AI Article Synopsis
- Post-translational modifications like farnesylation and geranylgeranylation at cysteine residues are crucial for the function and localization of over 100 proteins, including significant ones involved in cancer and infections.
- The study introduces new isoprenoid analogues, YnF and YnGG, allowing for advanced profiling of prenylated proteins in live cells through quantitative chemical proteomics.

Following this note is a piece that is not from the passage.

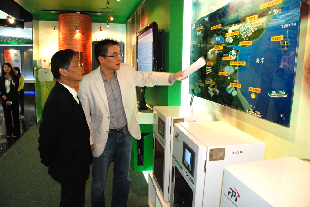 聚光科技(ji)CEO姚納新在公司產品展(zhan)廳(ting)為來(lai)訪的全國政協(xie)委(wei)員(yuan)林(lin)兆樞介紹聚光的環保解(jie)決方案。

- A total of 80 prenylated proteins were identified, with 64 discovered for the first time at their natural levels, showcasing the ability to analyze prenylation dynamics and its implications in diseases such as choroideremia.
Article Abstract
Post-translational farnesylation or geranylgeranylation at a C-terminal cysteine residue regulates the localization and function of over 100 proteins, including the Ras isoforms, and is a therapeutic target in diseases including cancer and infection. Here, we report global and selective profiling of prenylated proteins in living cells enabled by the development of isoprenoid analogues YnF and YnGG in combination with quantitative chemical proteomics. Eighty prenylated proteins were identified in a single human cell line, 64 for the first time at endogenous abundance without metabolic perturbation. We further demonstrate that YnF and YnGG enable direct identification of post-translationally processed prenylated peptides, proteome-wide quantitative analysis of prenylation dynamics and alternative prenylation in response to four different prenyltransferase inhibitors, and quantification of defective Rab prenylation in a model of the retinal degenerative disease choroideremia.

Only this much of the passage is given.